Threads also use an atomic store to submit operations (no CAS), and another advantage is that the dedicated combiner thread always has the protected data structure in the cache (other threads do not even touch it). The downsides are that single-threaded latency increases (worker threads always need to communicate with the dedicated thread) and the dedicated thread always burns CPU. This algorithm seems to be good as band-aid for legacy applications that suddenly find themselves executing on highly parallel machines.

Implementation notes

Some implementation notes before moving to evaluation.
As always it is important to put cache line padding in proper places to prevent false sharing. In particular, original flat combining algorithm does not use paddings between thread descriptors, but on Intel processors I’ve observed significant speedup if the padding is added.
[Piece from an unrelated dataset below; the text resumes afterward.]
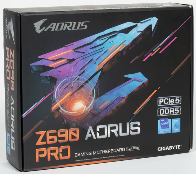Карта поставляется в стандартной коробке из твердого картона с фирменным дизайном Aorus. На лицевой стороне особо отмечено, что данный вариант материнки предназначен для работы с DDR5 памятью, ибо еще имеется вариант Z690 Aorus Pro DDR4 (оба варианта плат полностью идентичны по наличию и расположению периферии).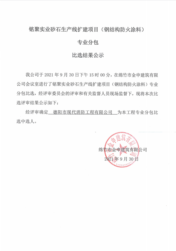 銘聚砂石生產(chǎn)線擴(kuò)建項(xiàng)目(鋼結(jié)構(gòu)防火涂料)比選結(jié)果公示

In general I’ve observed up to 2x speed difference with and without the paddings.

Since some of the combiner algorithms use linked lists of arguments, it’s beneficial to use software prefetching. That is, while we are executing the current operation, prefetch the next. The actual implementation of the execution loop I used in benchmarks is as follows:
           while (arg != LOCKED) {
               combiner_arg_t* next = arg->next;
               if (next != LOCKED)
                   __builtin_prefetch(next);
               c->fn(arg);
               __atomic_store_n(&arg->next, 0, __ATOMIC_RELEASE);
               arg = next;
           }

I’ve observed up to 15% speedup with and without prefetching.

I used simple active spin loop to wait for completion. It is fine for benchmarks. However, in real implementation it may be beneficial to use something more complex (e.g. at least sched_yield() after some number of iterations).

Full source code for all algorithms and the benchmark driver is attached to the post.

Evaluation

In the benchmark all threads execute N operations, number of threads is varied as 1, 2, 4, 8, 16, 32. The protected operation is traversal of a linked list of length 30. For benchmarking I used a machine with 2 Intel Xeon E5-2690 CPUs running at 2.90GHz (16 HT cores total).

The first experiment is with per-thread local work consisting of 100 division instructions:
The second experiment is with per-thread local work consisting of 1000 division instructions (fewer combining opportunities):
As expected, remote core locking has bad single-threaded performance (2-6 times slower), but behaves acceptably under contention. Flat combining degrades when local work is increasing (more senseless polling). TBB combining algorithm suffers from missing combining opportunities, e.g. with 4 threads TBB algorithm combines a mean of 1.75 operations, while the proposed "Bounded" algorithm - 3.40 operations, this explains the difference in performance. Async version performs best, which is not surprising since it better interleaves critical sections and local work. Note that async operations can be applied to other algorithms as well (e.g. flat combining).